| WHAT THE TASK ASKS |
Give the listing again in full and exactly, apart from its pictures.

Top of SOURCE MATERIAL

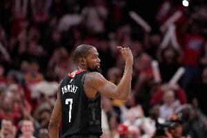 此役,杜蘭特出戰(zhàn)36分鐘,23投7中,三分5投0中,罰球5罰5中,得到19分7籃板3助攻3搶斷1蓋帽。
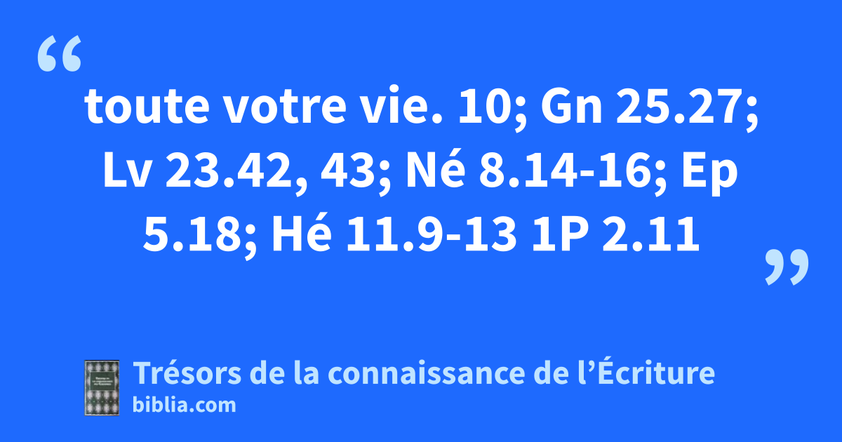 toute votre vie. 10; Gn 25.27; Lv 23.42, 43; Né 8.14-16; Ep 5.18; Hé 11.9-13 1P 2.11
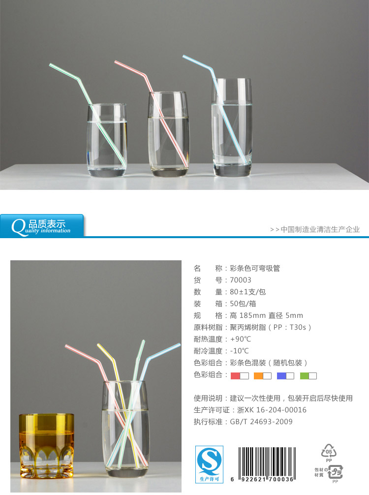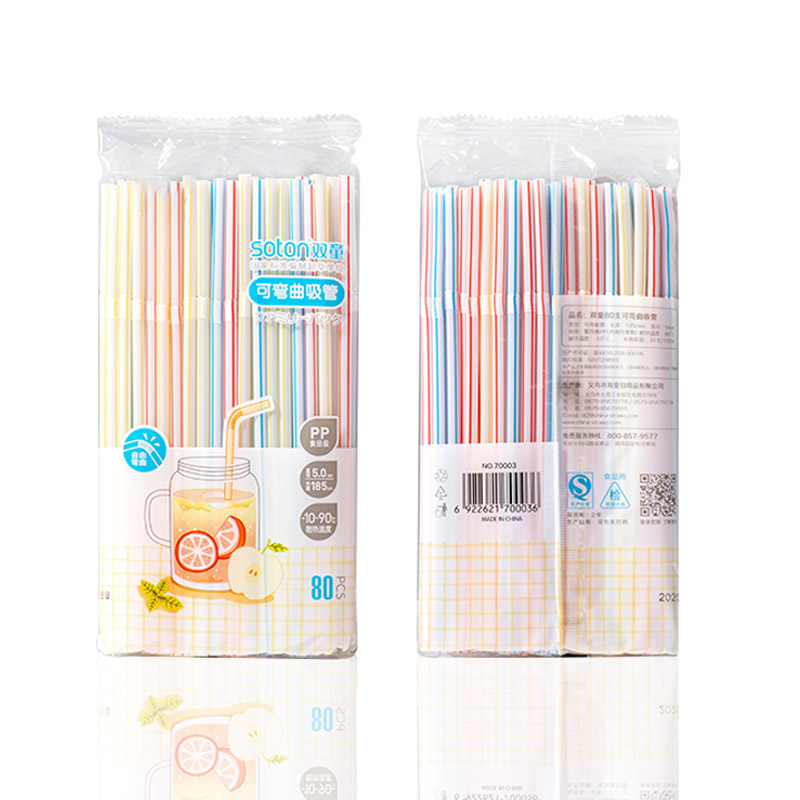 70003雙童80支彩條色普通彎吸管
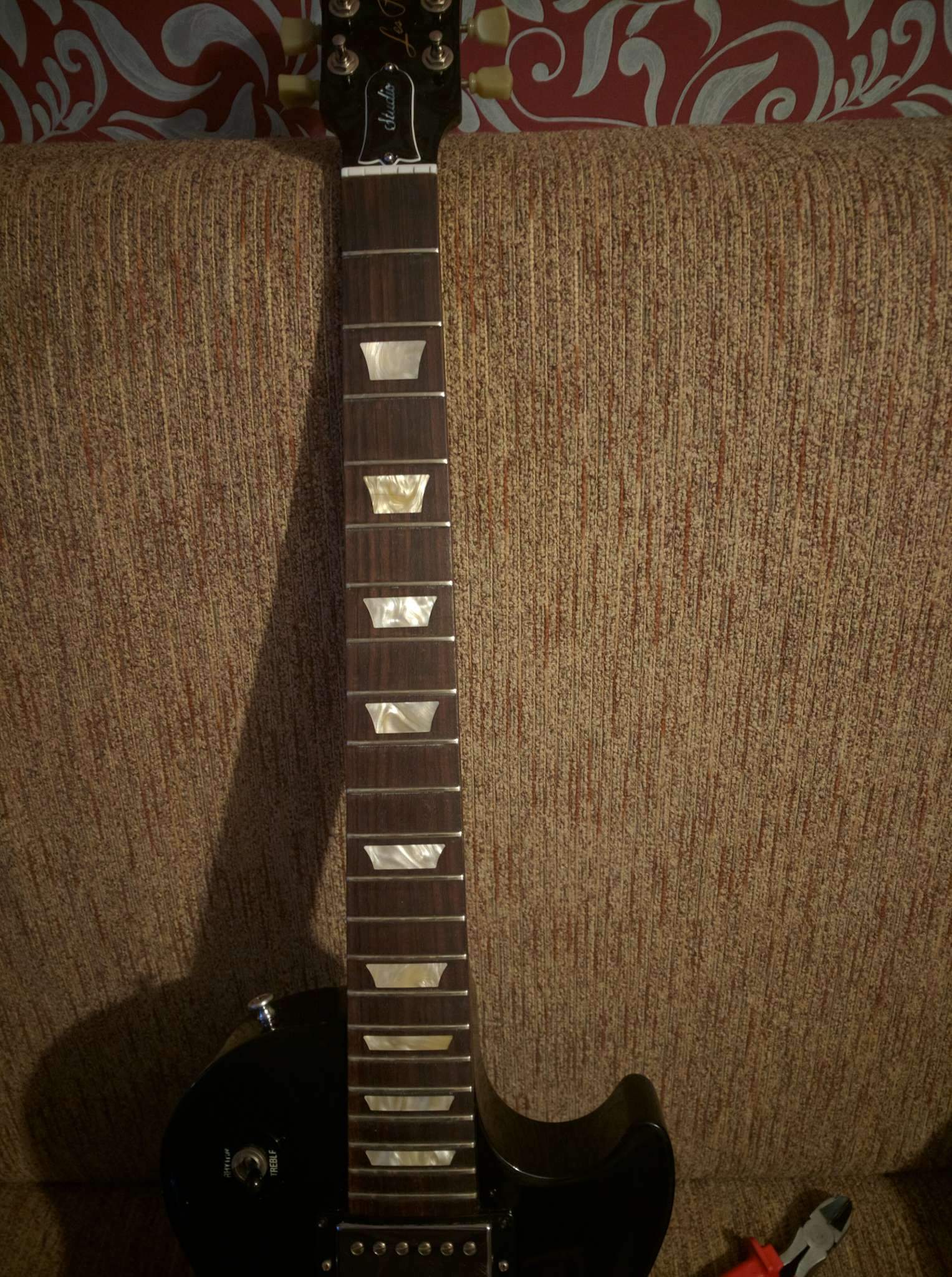 накладь палисандр, по продажным фоткам там было непонятно рыжуха какая то.

Bottom of SOURCE MATERIAL

| EXERCISE ANSWER |
 此役,杜蘭特出戰(zhàn)36分鐘,23投7中,三分5投0中,罰球5罰5中,得到19分7籃板3助攻3搶斷1蓋帽。
 toute votre vie. 10; Gn 25.27; Lv 23.42, 43; Né 8.14-16; Ep 5.18; Hé 11.9-13 1P 2.11
 70003雙童80支彩條色普通彎吸管
 накладь палисандр, по продажным фоткам там было непонятно рыжуха какая то.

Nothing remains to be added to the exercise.